Scotty I have to agree with the consensus here...please don't house those snakes together for both their sakes as well as yours.
We have two ball pythons that have seperate enclosures. We have seen so much talk about this concept of seperation we decided to see what does indeed happen. We took them both out and placed them near each other. Immediately you could see the smaller ball become stressed....a definite "freezing" behaviour....muscles obviously tightening in what I assume was a flight or fight response. It was so very very obvious the smaller snake was afraid (in whatever sense a snake feels instinctive fear).
We of course immediately seperated them. The older snake had actually paid little to no attention to the smaller younger one. This "test" lasted perhaps seconds but drove home to the point to us that these snakes just simply don't need each other or want anything to do with each other except during mature, breeding activities.

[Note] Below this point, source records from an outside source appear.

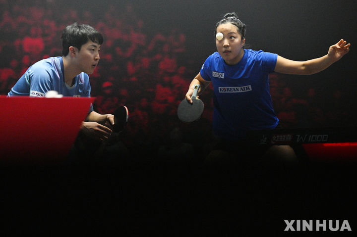 [싱가포르=신화/뉴시스] 신유빈-임종훈 조(3위)가 15일(현지시각) 싱가포르 스포츠 허브에서 열린 월드테이블테니스(WTT) 싱가포르 스매시 2024 혼합 복식 결승전에서 왕추친-쑨잉사 조(1위·중국)와 경기하고 있다. 한국이 1-3(7-11 8-11 11-9 7-11)으로 패하며 만리장성을 넘지 못했다. 2024.03.16.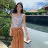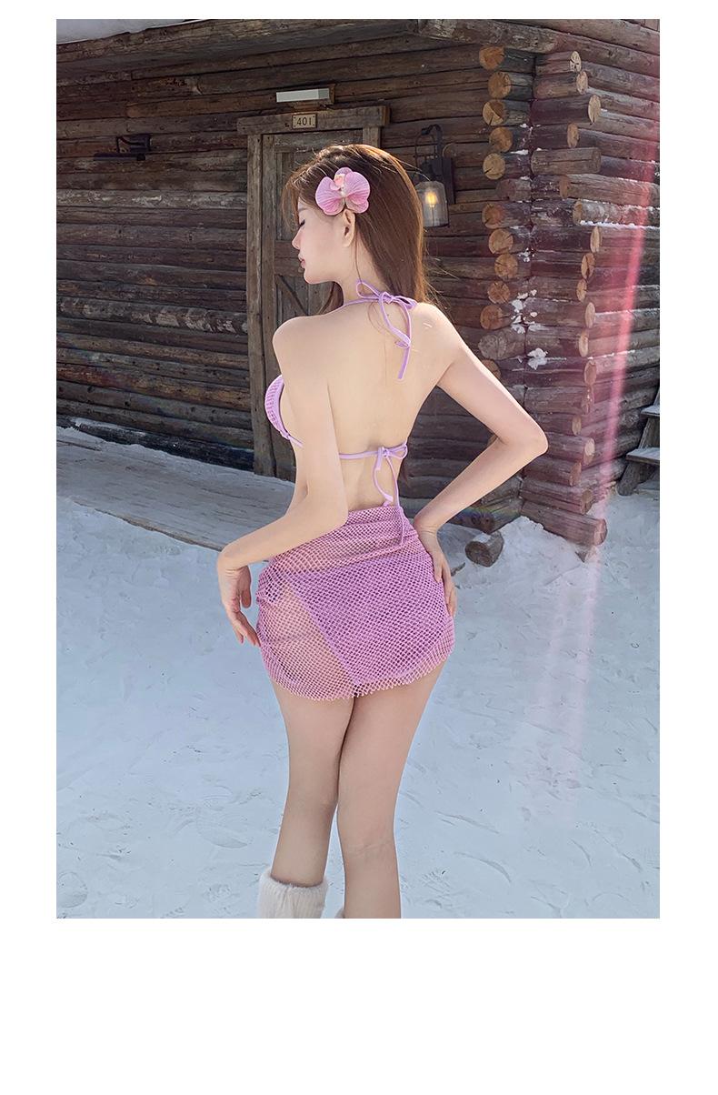 Bikini con tirantes y falda dividida morada de taro, traje de baño sexy de chica sexy y sensual, con escote pequeño, 2025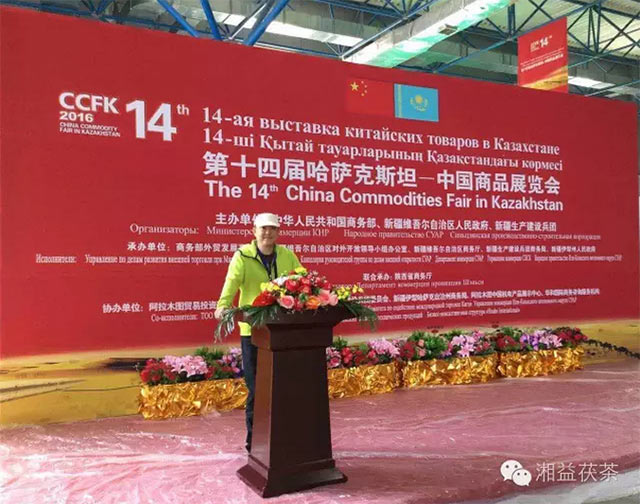 第十四屆哈薩克斯坦——中國商品展覽會于2016年5月20日在哈薩克斯坦阿拉木圖市隆重開幕。為積極落實中央關于加快推進絲綢之路經濟帶建設,加大企業開拓中亞新興茶葉市場,提升湘益茯茶在中亞各國的品牌優勢,新疆新益茶業有限責任公司做為兵團代表之一向國外客商及消費者展示了湘益牌系列茯磚茶產品并受到一致好評。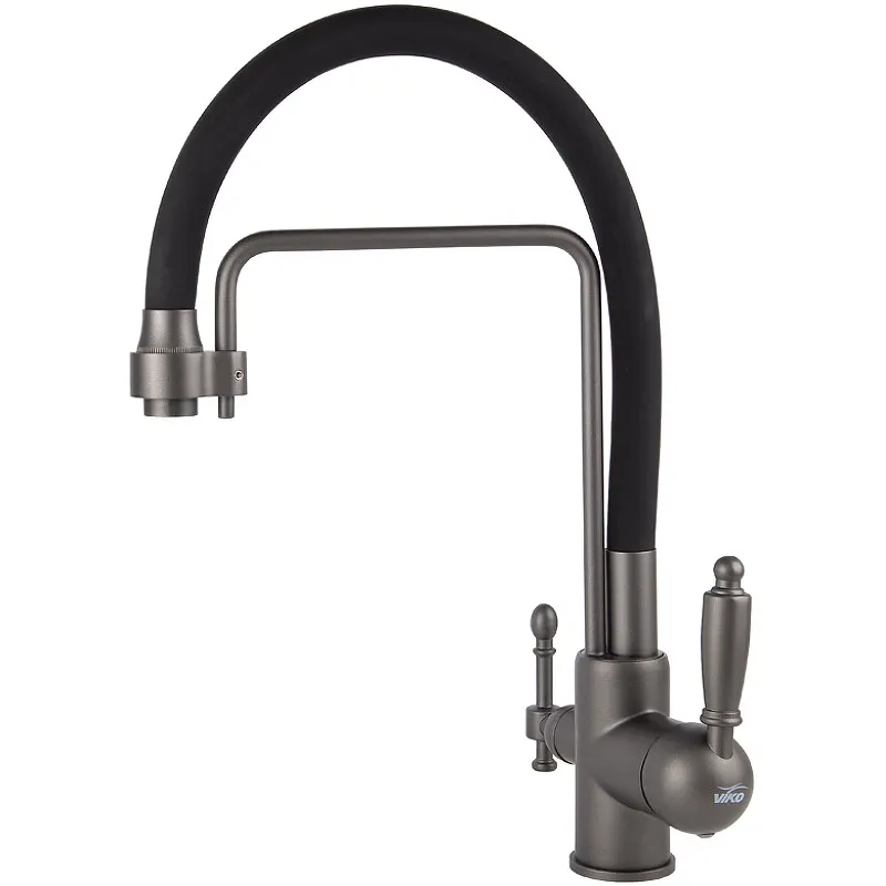 Смеситель для кухни Viko V-5617 с краном для питьевой воды.Характеристики: Цвет: графит, черный. Материал: латунь. Управление: рычажное. Излив: поворотный, гибкий, с каналом для питьевой воды. Механизм: керамический картридж. Стандарт подводки: G 1/2. Тип подводки: гибкая. Монтаж: на мойку, на столешницу. В комплекте поставки: Смеситель для кухни. Гибкая подводка. Аэратор. Паспорт.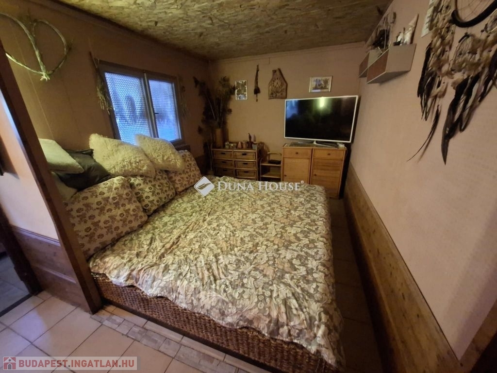 Tóalmás zártkerti részén eladó szigetelt - téliesített - jelenleg lakóházként használt könnyűszerkezetes házikó a berendezéssel együtt + garázzsal, szaletlivel és kerti tárolóval. A ház tetőtere 15 cm-es közetgyapot szigetelssel ellátott. A külső falak 10 cm-es közetgyapot szigetelést kaptak + panel elemeket. A födémen szintén 10 cm-es közetgyapot szigetelést találunk. Az épületbe a vezetékes víz és a villany is bevezetésre került! A beépített terasz fóliával van ellátva. A házban 5 éve a villanyhálózat (16 amperes és firelékkel ellátott) és a vízhálózat is kicserélésre került. Gyönyörű, parkosított dupla telekkel. Az ingatlan elosztása kiváló - egy tágas, beépített teraszba lépünk - mely nappaliként van jelenleg használva - innen is át tudunk lépni jobbra a garázsba. A garázs két oldalról is megközelíthető és elektromos garázsajtóval ellátott, ahogyan a kerti autóbejártó is. Az otthon melegét 3 db BVF elektromos panel adja, mely energiatakarékos és légszűrős berendezéssel is ellátott. Innen egyenesen tovább haladva érünk a konyhába, ahonnan jobbra egy nappali rész - melyből az egyik szoba nyílik és mellette külön bejárattal egy másik szoba, amivel szembe található a fürdő/mosdó helyiség! A konyhából tovább haladva jobbra egy tágas étkezőt találunk - mely akár szobává is alakítható. Ez alatt találjuk a pincét!Kertje körbe kerített, több gyümölcsfával és rengeteg virágzó növénnyel - de füves részt is találunk. Hátul pedig a kerti szerzszámoknak egy fa tárolót! A telken fúrt kút is megtalálható - de kerti csapot is találunk (3 db). Az ingatlan nem hitelezhető - készpénzes vevőt várunk!A központ autóval 5 percnyire taláható - de volán busz megálló is van kb. 600 méterre a háztól.

By the way, before anyone thinks I would have risked Baby or Punkin be aware both Mike and I were inches from them (one of us responsible for each snake) and quite prepared to get bitten rather than see either of them bite the other. Baby (the younger snake) immediately began to act "normal" as soon as Punkin was removed from the area.
We tried this to see basically what does happen and determine whether it was advisable to have both snakes out to be handled at the same time in the same area (as in if the kid's each wanted to hold a snake or some such situation).